I am able to read this into a dataframe using the following:

df = pd.read_csv("file.csv")

That works great. I get the following dimensions when I print(df.shape) (1223726, 6)

I have a list of usernames, like below:

bad_names = ['BELOZEROVNIKIT',  'ALTMANBELINDA',    '666STEVEROGERS',   'ALVA_MC_GHEE',     'CALIFRONIAREP',    'BECCYWILL',    'BOGDANOVAO2',  'ADELE_BROCK',  'ANN1EMCCONNELL',   'ARONHOLDEN8',  'BISHOLORINE',  'BLACKTIVISTSUS',   'ANGELITHSS',   'ANWARJAMIL22',     'BREMENBOTE',   'BEN_SAR_GENT',     'ASSUNCAOWALLAS',   'AHMADRADJAB',  'AN_N_GASTON',  'BLACK_ELEVATION',  'BERT_HENLEY',  'BLACKERTHEBERR5',  'ARTHCLAUDIA',  'ALBERTA_HAYNESS',  'ADRIANAMFTTT']

What I want to do is loop through the dataframe, and if the username is in this list at all, to remove those rows from df and add them to a new df called bad_names_df .

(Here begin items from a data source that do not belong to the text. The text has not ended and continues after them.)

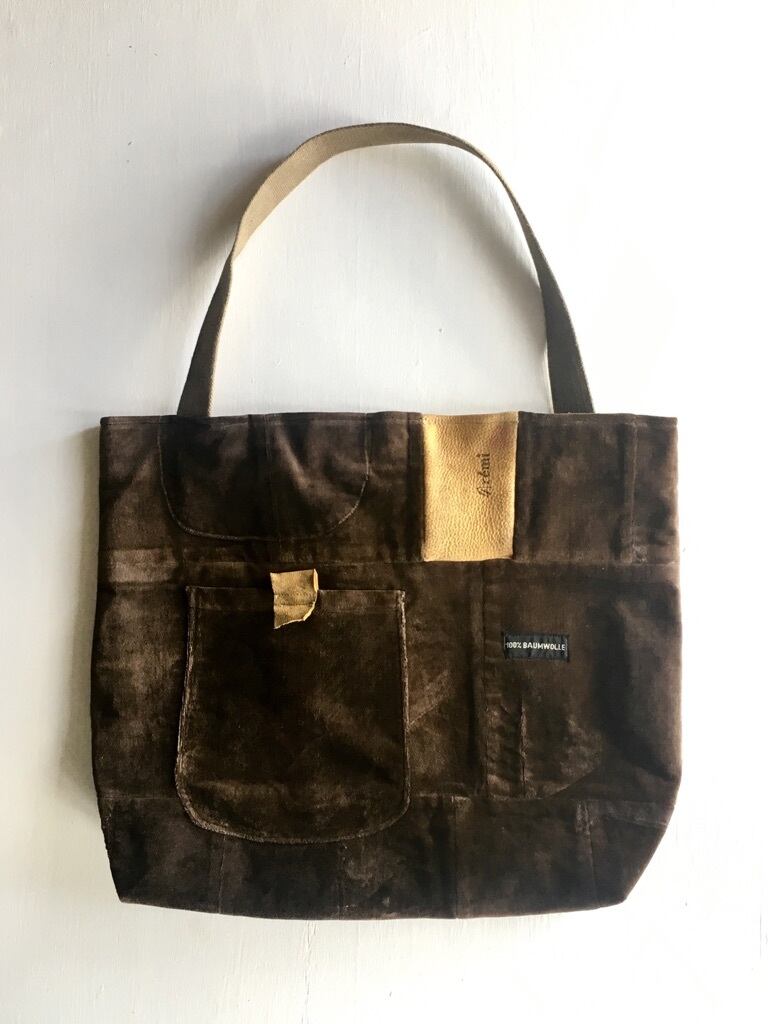 ヴィンテージドイツ製のベロアジャケットをファブリック状にし、パッチワークし作成したトートバッグ。
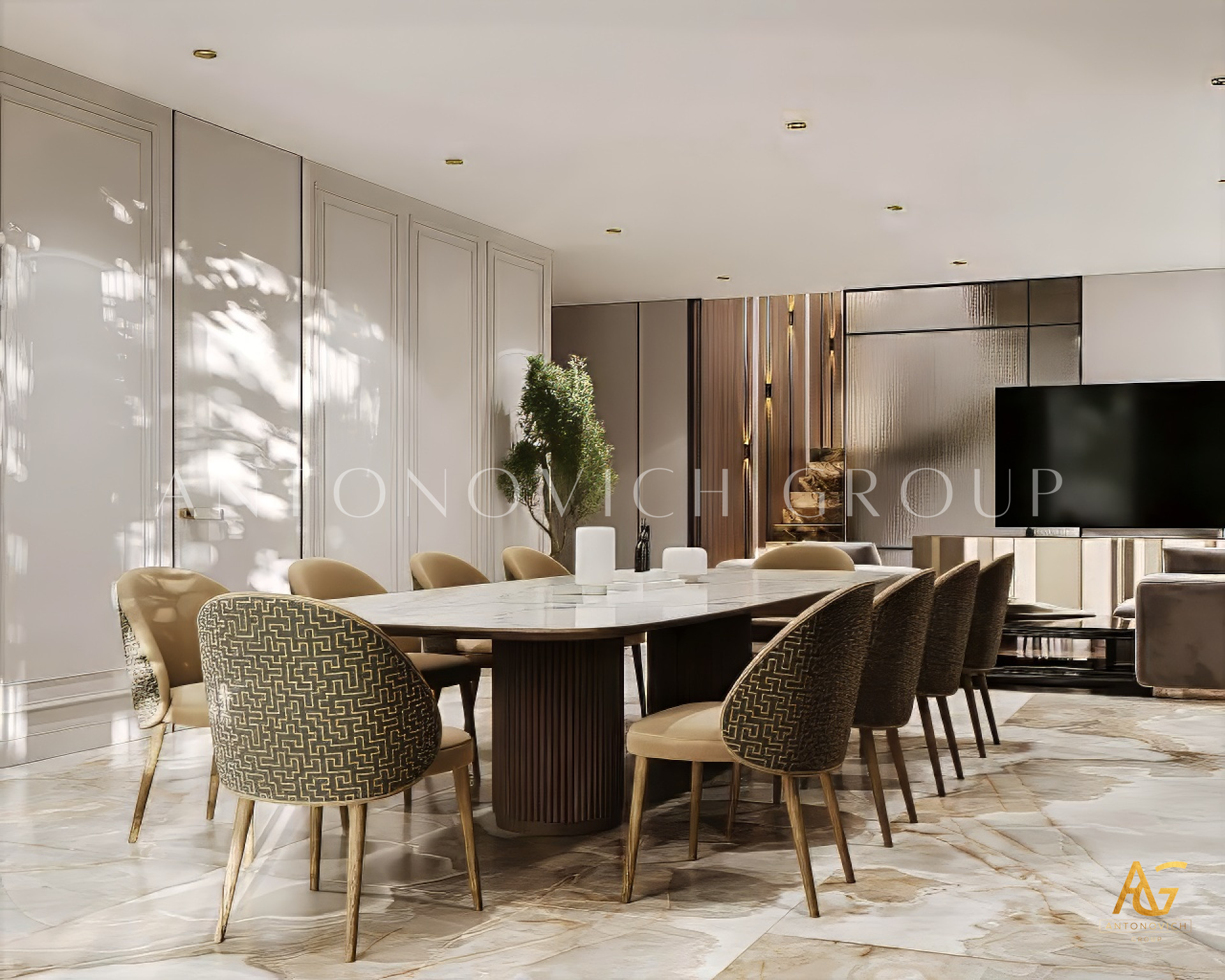 In luxury interiors, furniture is not just functional — it defines style. Antonovich Group offers bespoke furniture production, designing pieces exclusively for each project. Whether it’s a sleek modern sofa, a handcrafted coffee table, or customized shelving units, each piece reflects the finest quality and craftsmanship. These unique furnishings ensure that no two living rooms are alike, giving clients a personalized interior that embodies their individuality. Complementing the furniture are customized decorative elements such as wall paneling, flooring solutions, and hand-picked accessories. Every detail is carefully curated, making the living room an epitome of refined taste and sophistication.
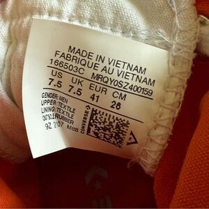 Wicked cool “Not A Chuck 70 UNTITL3D” high top sneakers by Converse. White with black graphics and bold orange interior lining. Men’s size 7.5. Can also be worn by women, fits a women’s 9.5 according to the sizing chart: please see photo section. Excellent gently used condition—please view all photos.
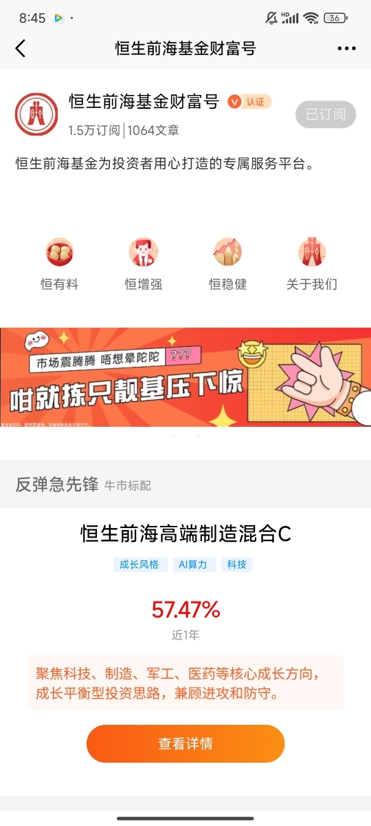 基金管理人恒生前海基金的专业实力,也是我放心布局的重要保障。恒生前海基金背靠强大股东背景,在权益投资、指数投资领域深耕多年,拥有一支经验丰富的投研团队,对北交所市场有深入的研究和独到的研判,能精准把握北证50成分股的基本面变化和行情节奏。北交所市场和主板、创业板差异较大,对投研团队的专业性要求更高,而恒生前海基金提前布局北交所研究,对成分股的成长逻辑、估值水平、行业趋势都有全面覆盖,能为基金的主动增强策略提供坚实支撑,最大程度保障基金业绩的稳定性和超额收益的可持续性,比一些缺乏北交所研究积累的基金公司更靠谱。
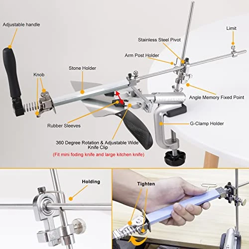 - Improve Fixed Angle Design: The innovative 360 degree flip design allows to flip over to sharpen other side with a deviation of +/- 2°, you can unscrew the screw on the vertical rod to adjust the ideal angle you want quickly, restore knife blades quickly and safely (Attention! If your phone has no rangefinder tool to help set the accurate angle, please download Measure APP)
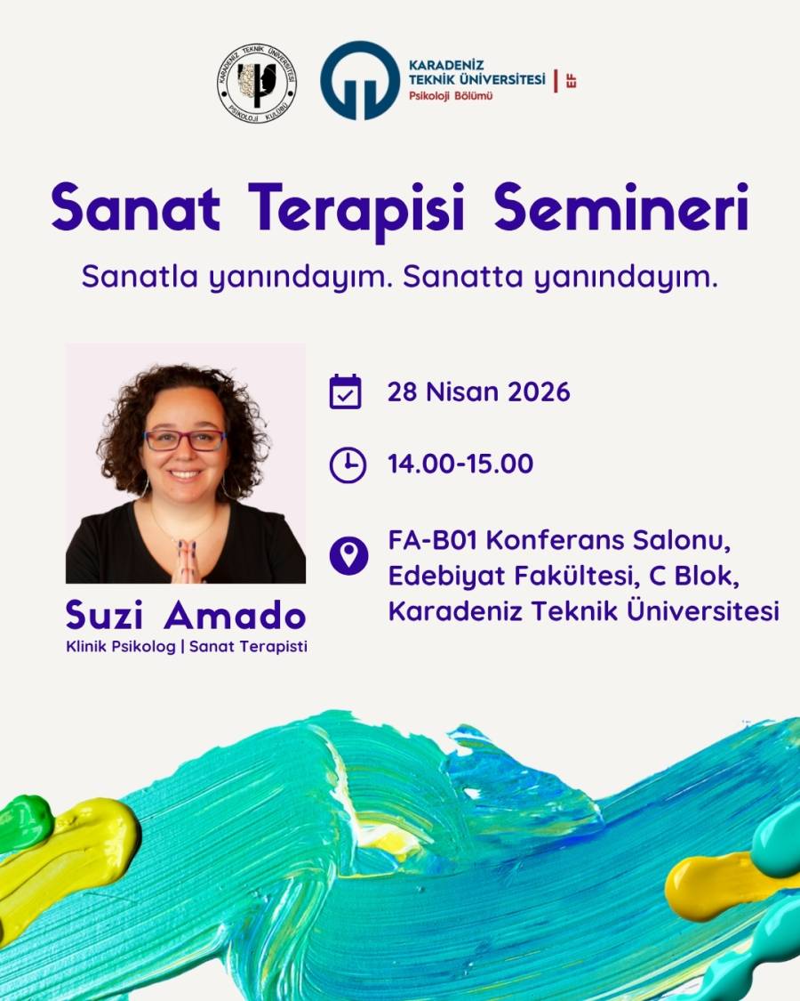 28.04.2026 tarihinde Klinik Psikolog ve Sanat Terapisti Suzi Amado tarafından “Sanatla Yanındayım, Sanatta Yanındayım” başlıklı bir sanat terapisi semineri gerçekleştirilmiştir.
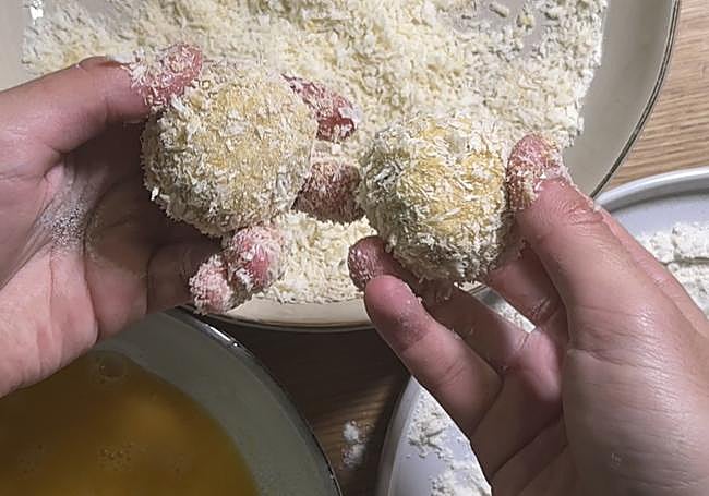 Saca la mezcla de la nevera y forma las bolas. Pasa por harina, huevo y pan rallado o panko.
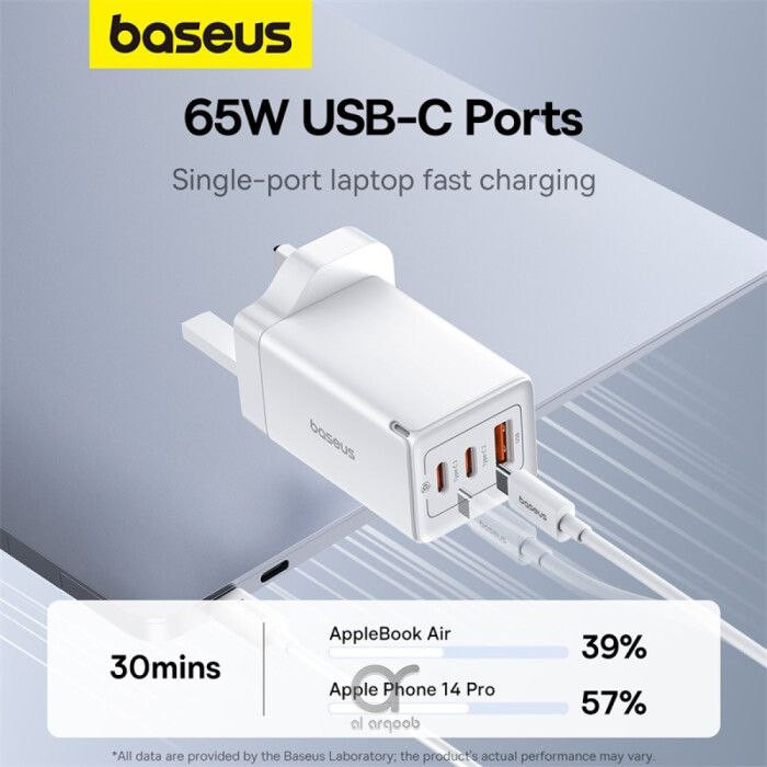 توان خروجی 65 وات: این شارژر حداکثر توان خروجی 65 وات را ارائه می دهد که آن را برای شارژ طیف گسترده ای از دستگاه ها از جمله گوشی های هوشمند، تبلت ها، لپ تاپ ها و غیره مناسب می کند.
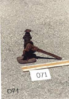 podnožju je velik železen kvader, ki ima na vsaki strani rog. En rog je v

Pseudocode would look like:

for each row in df:
    if row.username in bad_names:
        bad_names_df.append(row)
        df.remove(row)
    else:
        continue

My attempt:

for row, col in df.iterrows():
    if row['username'] in bad_user_names:
        new_df.append(row)
    else:
        continue

How is it possible to (efficiently) loop through df , with over 1.2M rows, and if the username is in the bad_names list, remove that row and add that row to a bad_names_df ? I have not found any other SO posts that address this issue.

Answer 1

You can apply a lambda then filter as follows:

df['keep'] = df['username'].apply(lambda x: False if x in bad_names else True)
df = df[df['keep']==True]

Answer 2

You can also create a mask using isin :

mask = df["screen_name"].isin(bad_names)
print (df[mask])  #df of bad names
print (df[~mask]) #df of good names

Answer 3

Using isin in one line:

bad_names_df = df[df['screen_name].isin(bad_names)]